● **TASK ITEM**: In the listing that follows, find the line with "Then: 1908 The", then copy exactly from it through the line with "Vagnsdel av trä", leaving out every picture.

● **THE RECORDS**:
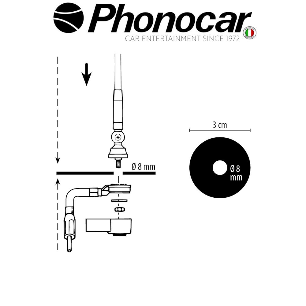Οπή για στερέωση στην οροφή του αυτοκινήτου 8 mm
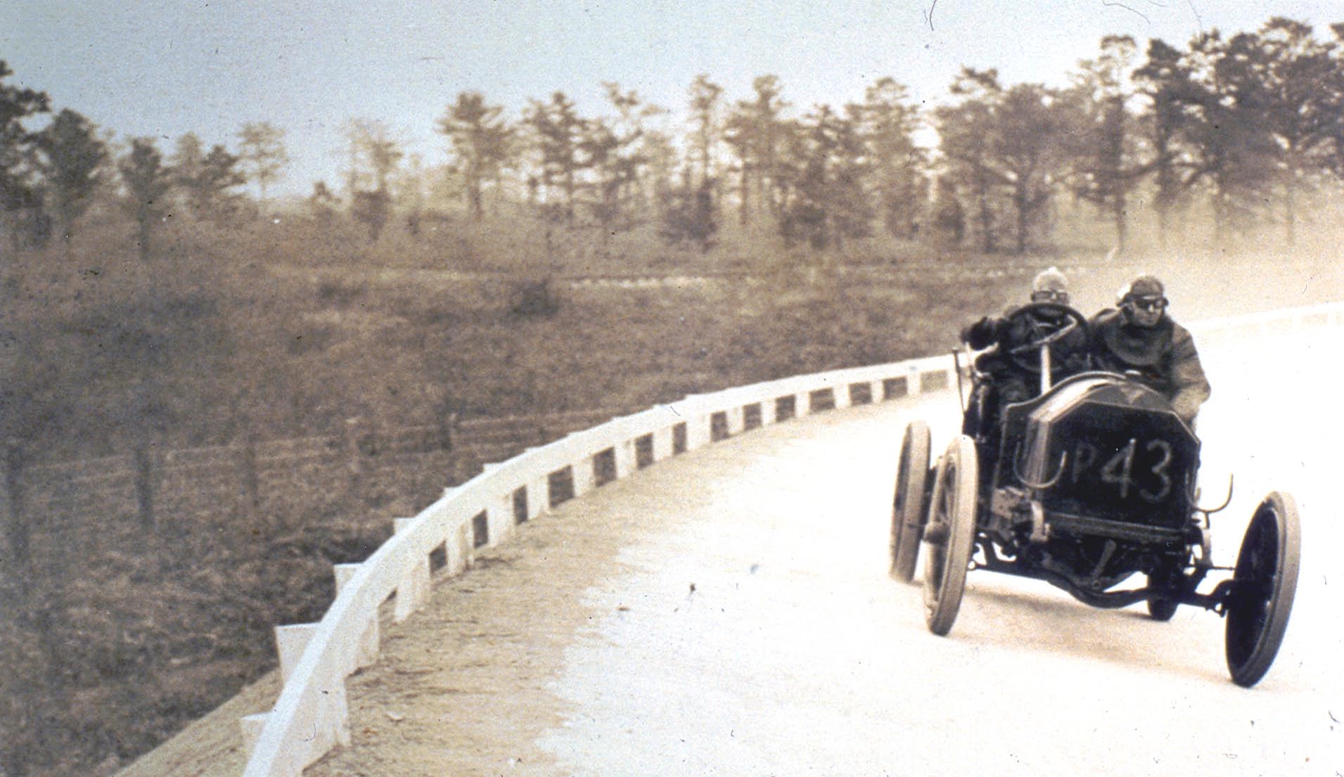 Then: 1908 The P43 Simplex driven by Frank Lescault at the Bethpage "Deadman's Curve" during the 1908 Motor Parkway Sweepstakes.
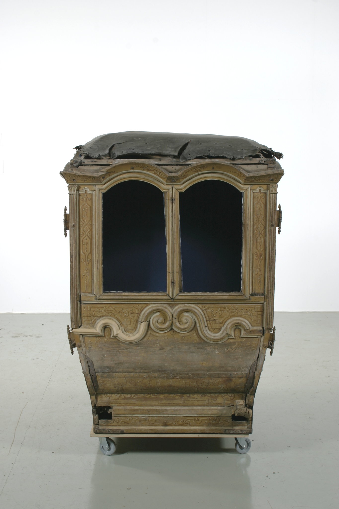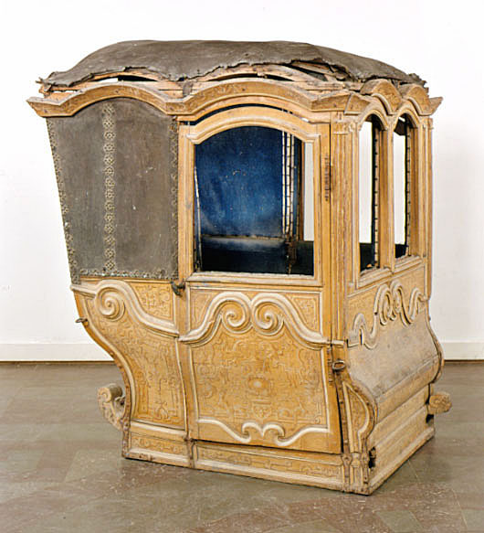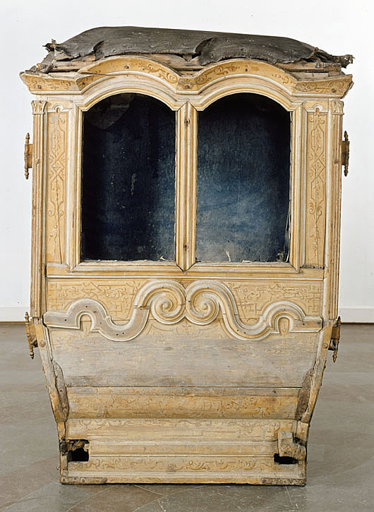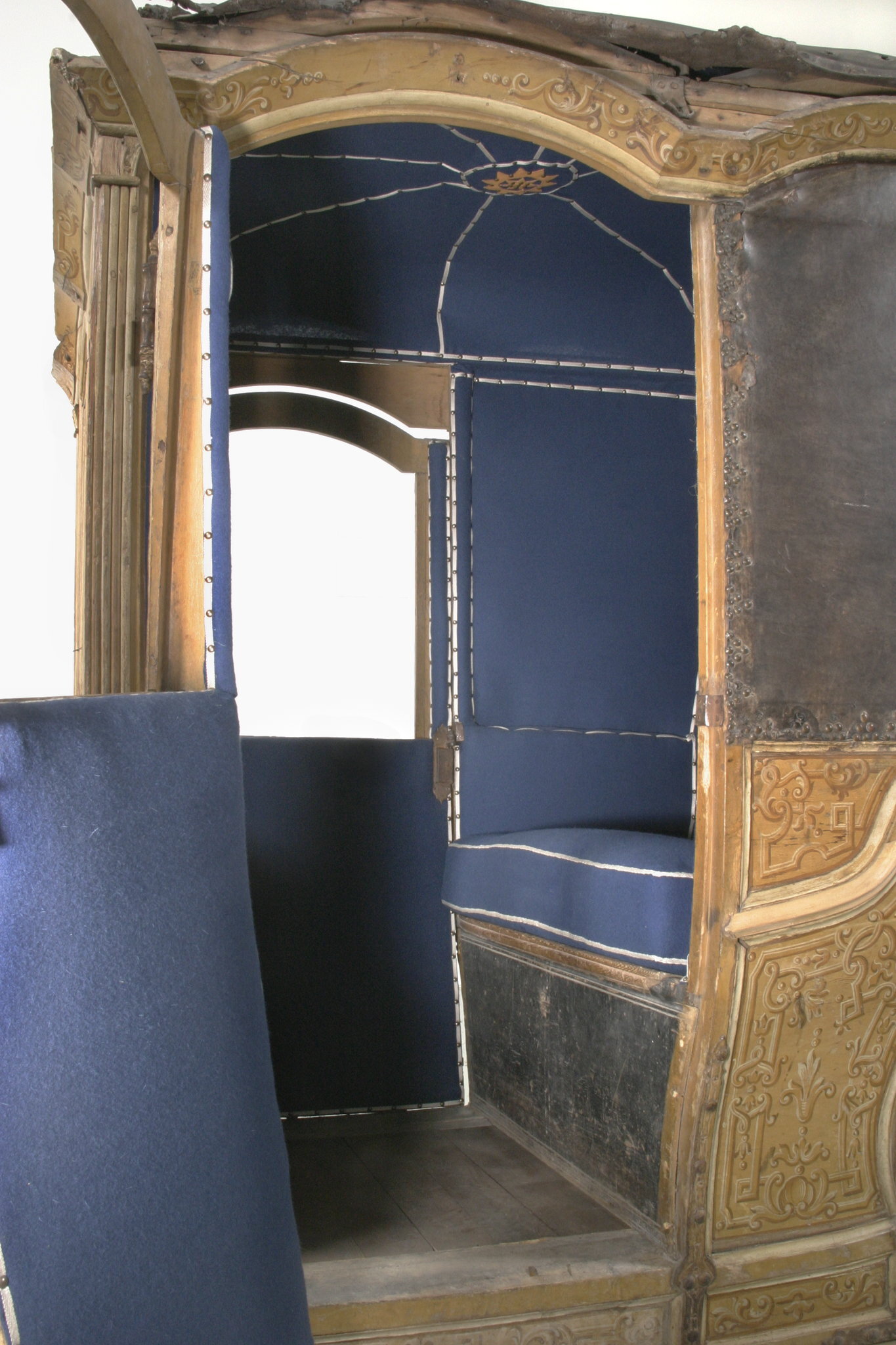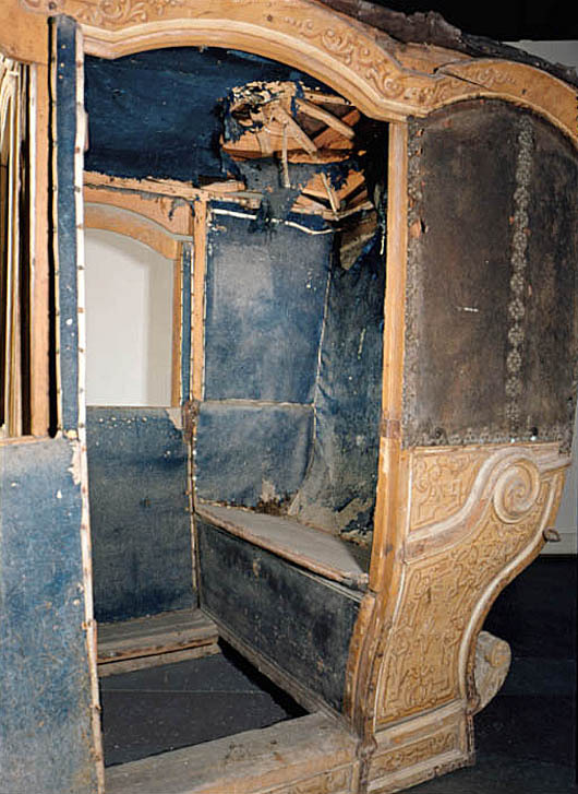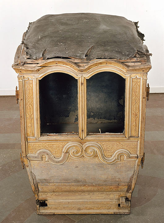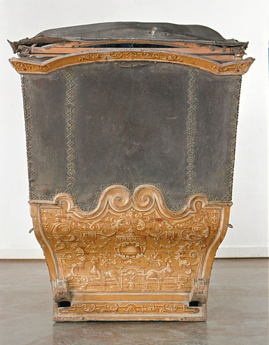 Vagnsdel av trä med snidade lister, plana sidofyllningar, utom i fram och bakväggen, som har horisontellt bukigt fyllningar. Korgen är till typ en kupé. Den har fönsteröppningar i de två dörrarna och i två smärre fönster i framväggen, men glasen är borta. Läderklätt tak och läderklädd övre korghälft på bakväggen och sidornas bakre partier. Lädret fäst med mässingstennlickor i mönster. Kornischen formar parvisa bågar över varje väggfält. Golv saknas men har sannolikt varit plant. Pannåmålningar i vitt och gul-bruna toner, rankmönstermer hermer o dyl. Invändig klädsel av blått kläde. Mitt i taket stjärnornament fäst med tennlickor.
* * *
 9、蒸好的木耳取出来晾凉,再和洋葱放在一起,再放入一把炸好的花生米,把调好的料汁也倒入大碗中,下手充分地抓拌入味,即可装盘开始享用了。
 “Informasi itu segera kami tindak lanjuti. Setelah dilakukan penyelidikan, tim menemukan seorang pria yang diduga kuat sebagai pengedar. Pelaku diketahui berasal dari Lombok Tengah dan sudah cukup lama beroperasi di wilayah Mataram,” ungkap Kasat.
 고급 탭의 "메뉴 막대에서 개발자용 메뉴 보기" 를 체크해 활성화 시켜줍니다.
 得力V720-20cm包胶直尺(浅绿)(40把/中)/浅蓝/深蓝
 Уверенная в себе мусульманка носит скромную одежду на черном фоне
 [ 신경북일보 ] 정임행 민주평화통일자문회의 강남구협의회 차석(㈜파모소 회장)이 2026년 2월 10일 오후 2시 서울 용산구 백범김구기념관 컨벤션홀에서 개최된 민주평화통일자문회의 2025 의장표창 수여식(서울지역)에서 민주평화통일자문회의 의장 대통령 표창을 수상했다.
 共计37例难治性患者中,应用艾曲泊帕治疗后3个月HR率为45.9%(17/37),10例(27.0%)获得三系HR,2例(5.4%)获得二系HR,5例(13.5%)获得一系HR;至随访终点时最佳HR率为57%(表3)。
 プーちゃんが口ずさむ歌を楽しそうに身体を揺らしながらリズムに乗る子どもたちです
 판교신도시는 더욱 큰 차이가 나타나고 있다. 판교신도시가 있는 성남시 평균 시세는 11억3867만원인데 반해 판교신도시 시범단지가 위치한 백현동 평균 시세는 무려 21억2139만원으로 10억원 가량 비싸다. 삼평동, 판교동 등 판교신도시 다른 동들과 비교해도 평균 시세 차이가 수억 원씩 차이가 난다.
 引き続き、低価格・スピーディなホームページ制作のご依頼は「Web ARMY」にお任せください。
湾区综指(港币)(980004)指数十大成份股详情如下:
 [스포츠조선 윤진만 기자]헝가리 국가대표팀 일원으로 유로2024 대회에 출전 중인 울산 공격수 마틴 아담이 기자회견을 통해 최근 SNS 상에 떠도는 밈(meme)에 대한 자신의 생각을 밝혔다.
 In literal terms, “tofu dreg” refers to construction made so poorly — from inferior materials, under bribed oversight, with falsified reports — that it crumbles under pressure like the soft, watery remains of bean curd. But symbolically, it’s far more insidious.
...
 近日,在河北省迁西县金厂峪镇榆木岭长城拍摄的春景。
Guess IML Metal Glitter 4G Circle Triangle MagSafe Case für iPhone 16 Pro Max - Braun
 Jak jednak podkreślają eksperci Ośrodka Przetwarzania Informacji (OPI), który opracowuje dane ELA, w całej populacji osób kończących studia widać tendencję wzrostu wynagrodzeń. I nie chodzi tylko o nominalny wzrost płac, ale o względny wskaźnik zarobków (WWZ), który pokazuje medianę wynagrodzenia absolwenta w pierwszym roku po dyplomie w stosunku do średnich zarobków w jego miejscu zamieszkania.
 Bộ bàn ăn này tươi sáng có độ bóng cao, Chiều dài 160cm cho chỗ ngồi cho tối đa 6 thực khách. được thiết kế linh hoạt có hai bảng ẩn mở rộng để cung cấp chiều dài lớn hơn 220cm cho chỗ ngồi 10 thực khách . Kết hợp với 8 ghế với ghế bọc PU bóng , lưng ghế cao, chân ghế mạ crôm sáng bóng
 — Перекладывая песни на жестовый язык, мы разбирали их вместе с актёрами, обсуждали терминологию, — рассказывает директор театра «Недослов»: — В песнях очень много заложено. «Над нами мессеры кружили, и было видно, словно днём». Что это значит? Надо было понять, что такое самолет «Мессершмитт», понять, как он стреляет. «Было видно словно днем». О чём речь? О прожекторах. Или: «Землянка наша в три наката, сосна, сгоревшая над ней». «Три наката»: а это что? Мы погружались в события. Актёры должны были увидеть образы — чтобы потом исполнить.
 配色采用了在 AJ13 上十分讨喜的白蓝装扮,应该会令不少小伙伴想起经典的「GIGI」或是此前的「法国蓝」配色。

● **RESULT FOR THIS TASK**:
 Then: 1908 The P43 Simplex driven by Frank Lescault at the Bethpage "Deadman's Curve" during the 1908 Motor Parkway Sweepstakes.
 Vagnsdel av trä med snidade lister, plana sidofyllningar, utom i fram och bakväggen, som har horisontellt bukigt fyllningar. Korgen är till typ en kupé. Den har fönsteröppningar i de två dörrarna och i två smärre fönster i framväggen, men glasen är borta. Läderklätt tak och läderklädd övre korghälft på bakväggen och sidornas bakre partier. Lädret fäst med mässingstennlickor i mönster. Kornischen formar parvisa bågar över varje väggfält. Golv saknas men har sannolikt varit plant. Pannåmålningar i vitt och gul-bruna toner, rankmönstermer hermer o dyl. Invändig klädsel av blått kläde. Mitt i taket stjärnornament fäst med tennlickor.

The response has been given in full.